Share

Bab. 2

Author: Disi77
last update Last Updated: 2024-11-10 09:07:07

Tanpa menoleh, Gia langsung bangkit dan terus melangkah meninggalkan gedung tempat pesta itu. Sialnya, saat dia melangkah keluar gerimis melanda.

“Tak bisakah menunggu hingga aku tiba di rumah,” ucap Gia menaikkan pandangannya, seolah berbicara pada awan yang membawa hujan kecil itu.

Sia-sia saja, Gia terus melangkah dengan kaki pincangnya. Setidaknya, kondisi Gia sudah lebih baik. Dia sudah bisa berjalan tanpa menggunakan tongkat penyangga. 

Hingga akhirnya Gia tiba di halte. Gia mengistirahatkan tubuhnya, duduk dan berteduh seraya mengatur hati serta perasaannya. Jelas sekali dia menahan diri agar air matanya tak menerobos keluar, tetapi sia-sia saja.

“Jangan cengeng, Gia!” perintahnya pada dirinya sendiri.

Gia pun menarik napas panjang, hingga akhirnya dia berhasil menguasai dirinya. Tepat setelah air matanya tak menetes, sebuah bus datang. Agar tak kesulitan naik, Gia mengangkat ujung gaunnya dan langsung memilih kursi paling belakang agar tak mengganggu penumpang, berharap mendapatkan ketenangan di sana.

Dari posisi itu, Gia bisa melihat jelas pemandangan di luar sana. Entah apa yang terjadi di malam ini, dia melihat beberapa pria memberikan perlindungan pada pasangannya agar tak terkena guyuran air hujan. Hanya perlakuan kecil, tetapi sangat romantis. 

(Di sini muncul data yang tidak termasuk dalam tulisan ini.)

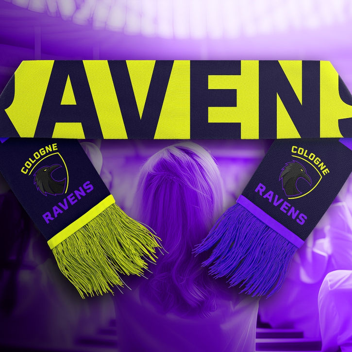 Die Ravens haben ein umfassendes Rebranding von uns bekommen. Das neue Logo behält zwar die bekannte Profilansicht bei, präsentiert sich jedoch in einer dynamischeren und moderneren Komposition. Freigestellte Elemente betonen den zeitgemäßen Look und verleihen dem Design mehr Leichtigkeit. Anstelle von Gold kommt nun ein sportliches Neon-Gelb zum Einsatz. Das klassische Schwarz wird durch ein tiefes Violett ergänzt, das an die natürliche Färbung von Rabengefieder erinnert. Das Logo kann auch in einer vollständig weißen Variante verwendet werden.

Hati Gia menjerit. Dia tak pernah mendapatkan semua itu, bahkan sebuah kasih sayang pun sudah tak pernah ada. Gia menunduk, lalu meremas lutut kirinya. Kaki itulah yang membuatnya pincang.

“Ayah, aku merindukanmu.”

Dari kedua sudut netranya meluncur butiran bening, tiba-tiba saja merindukan mendiang ayahnya. Gia belum pernah dipermalukan seperti tadi, dipandang hina sebagai manusia cacat dan tak berguna.

Ingatannya tertuju pada kejadian tahun lalu. Saat sebuah kendaraan menabrak sepeda motor yang dikendari Gia dan Billy—ayahnya. Naas, sang ayah tak tertolong dan Gia harus mengalami cacat permanen. Kondisi kakinya tak bisa kembali normal.

Si Penabrak itu adalah Ray. Wilson—kakenya Ray memberi cucunya dua pilihan, mendekam di penjara atau menikahi Gia. Gadis itu tak memiliki keluarga lain selain ayahnya. 

Wilson tak memberi cucunya pilihan dan mengancam akan mencoret Ray dari daftar pewaris keluarga. Meskipun Gia tahu Ray adalah kekasih Grace, yang dulu menjadi sahabatnya, dia pun tak punya pilihan melawan Wilson.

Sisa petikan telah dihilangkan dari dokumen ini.